Momentum grew slowly as active members recruited neighbors. Gofoe persuaded Mosley to join and then become her co-captain. Mosley brought Wooten into the group after a mutual friend introduced them and they bonded over a shared interest in gardening.
Wooten, who inherited the house at 3240 N. 14th St. and moved into it in 2007, shared the desire to do something about the desperation, hopelessness and petty crime she saw in the neighborhood.
Many block residents could not be persuaded to get involved and some who did were skeptical that they had the power to foster change. But when Wooten urged the group to stop focusing on the negatives and zero in on positive activities, the block club turned a corner.
“I knew the group wanted to do more than just complain,” said Wooten, who joined Mosley as co-captain. “It wasn’t just me leading. I listened.” She heard members say they wanted the drug dealers to stop hanging out on the block and the trash picked up on time. “[Engaging them in working for change] started with empowering them with small things they could do,” Wooten said.
After reading that the area had the city’s highest water bills, Wooten asked a water department representative to come to a meeting to tell members what they could do to reduce their bills.
Inviting two police officers who work in the area to block club meetings and working harder to hear and be heard by them has reduced criminal activity.
As word got out that something new was happening, more and more neighbors appeared at block club meetings. As communication and mutual trust grew and their actions brought results, block club members saw how their collective voice was louder than any individual voice.
Recently, to address the need for house repairs, 14th Street C.A.R.E.S. set its sights on getting loan assistance from the city by becoming a Targeted Investment Neighborhood [TIN].
Becoming a TIN
With Wooten taking the lead, the group did its research and prepared its case. TIN designations, up to this time, had only been granted to formal community development corporations. 14th Street C.A.R.E.S, as the first resident group applying on its own, had to demonstrate a serious commitment to meeting the TIN requirements.

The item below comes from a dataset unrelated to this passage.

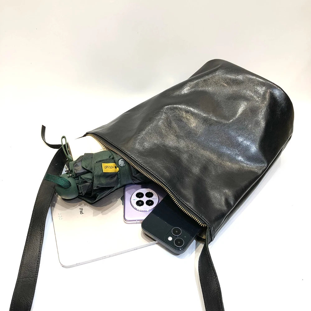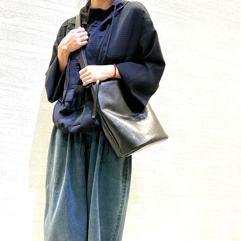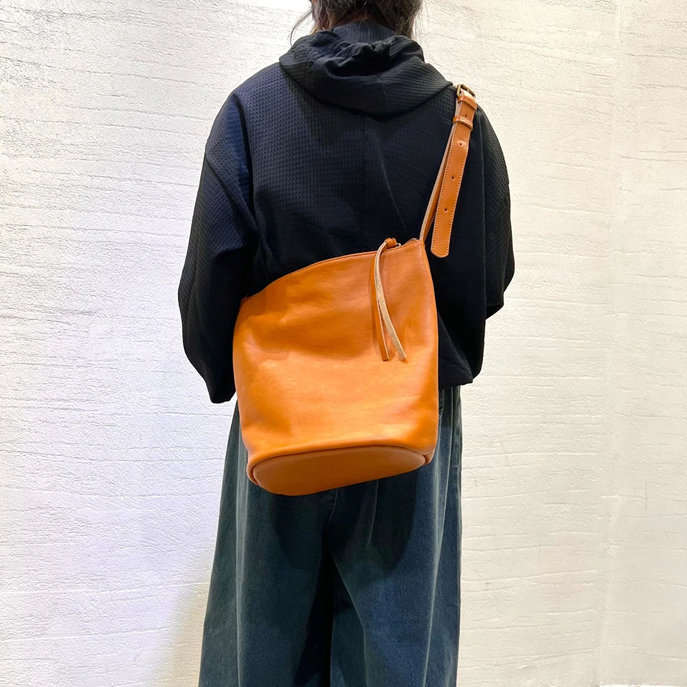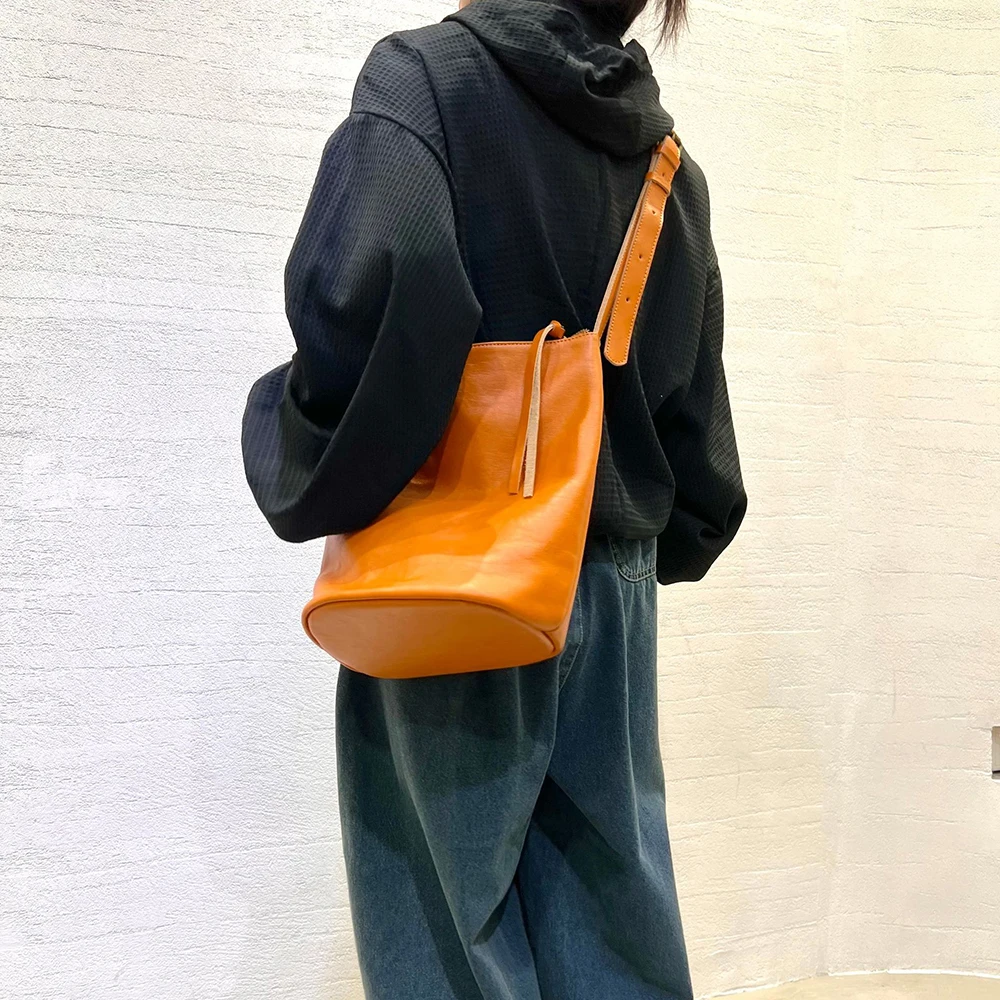 Leisure Genuine Leather Bucket Bag for Women Bucket Tote Long Strap Crossbody Bag Soft Quality Female Versatile Shoulder Bag

In January, the group asked for the help of its Common Council representative, Alderwoman Milele Coggs. Wooten created a PowerPoint presentation and a map of the area and asked a core group of block club members to join her when she met with Coggs. The alderwoman was amazed both at the size of the group — 15 residents and business owners — and the quality of the presentation. She immediately agreed to support their application.
14th Street C.A.R.E.S. overcame another challenge when Wooten learned that David Weber of Neighborhood Improvement Development Corporation, the city agency sponsoring the TIN program, had reservations about considering a block club with no community development organization behind it. Again, Wooten prepared carefully.

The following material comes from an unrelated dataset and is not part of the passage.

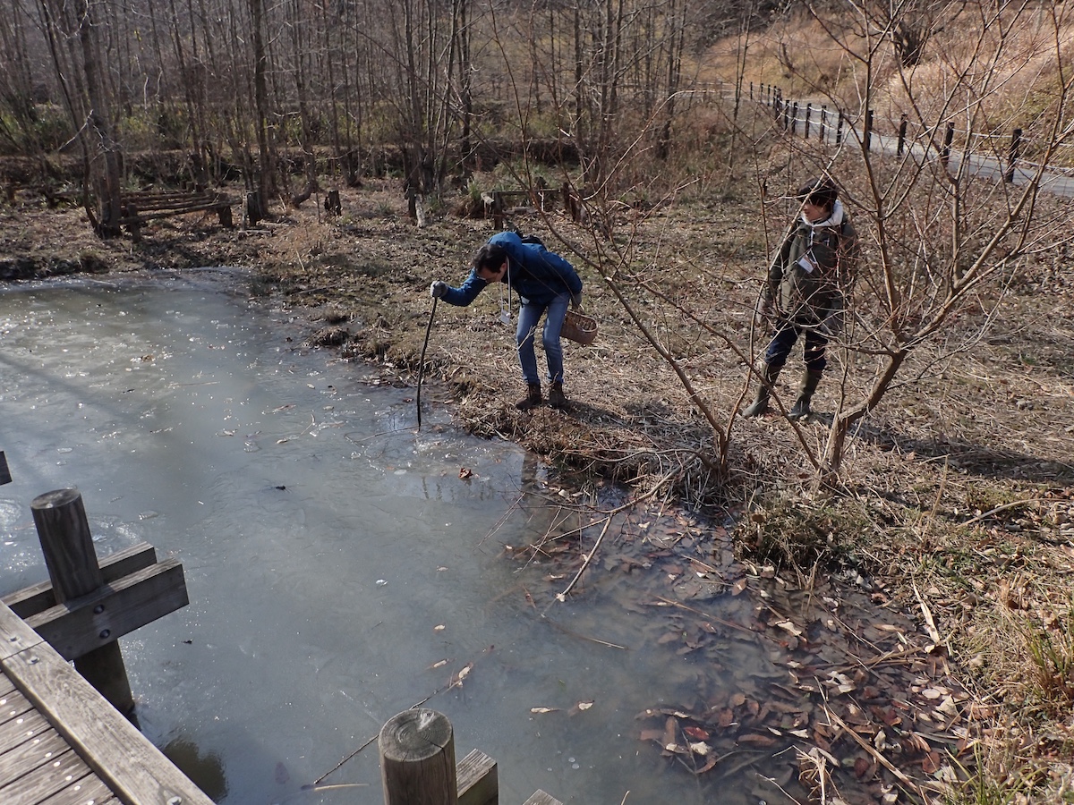池の氷が結構厚い!!

With her PowerPoint presentation in hand, Wooten took him on a driving tour and pointed out the neighborhood’s assets. Wooten said, “His whole attitude changed. He said ‘I didn’t know all this existed here. I just didn’t know.’”
In February, 14th Street C.A.R.E.S. got the call that its application was granted. Beginning in April, Borchert Field would be Milwaukee’s eighth TIN. Qualified homeowners would be able to take out partially forgivable home improvement loans over three years.

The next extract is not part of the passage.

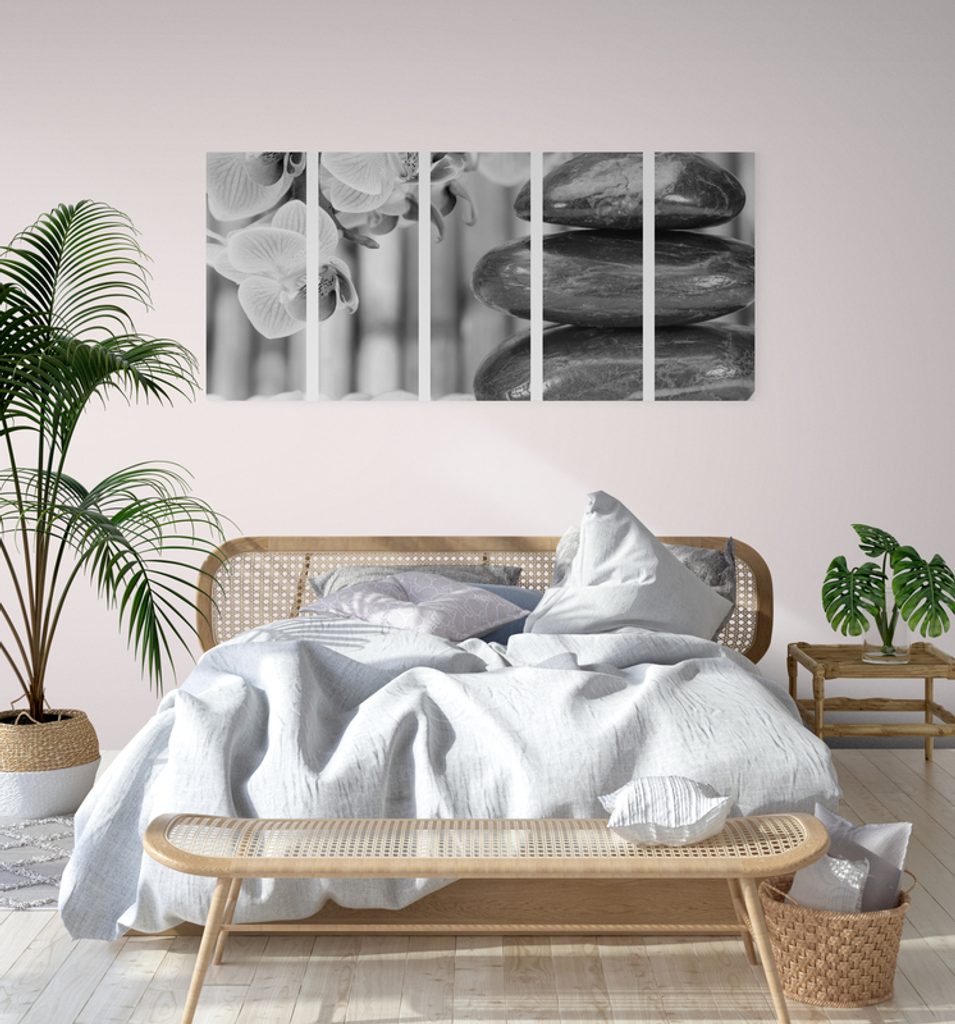 5-dielny obraz bambusová Zen záhrada v čiernobielom prevedení

14th Street C.A.R.E.S. has evolved from a block club with one simple purpose — getting snow removed from the alleys — to one that brings together homeowners, businesses and city officials to solve complex community problems.
One example of how far the group has come is that Wooten and her colleagues are now teaching other neighborhoods how they got TIN status.
“Now everybody, whether they live in the Borchert Field TIN or not, they’re calling me.”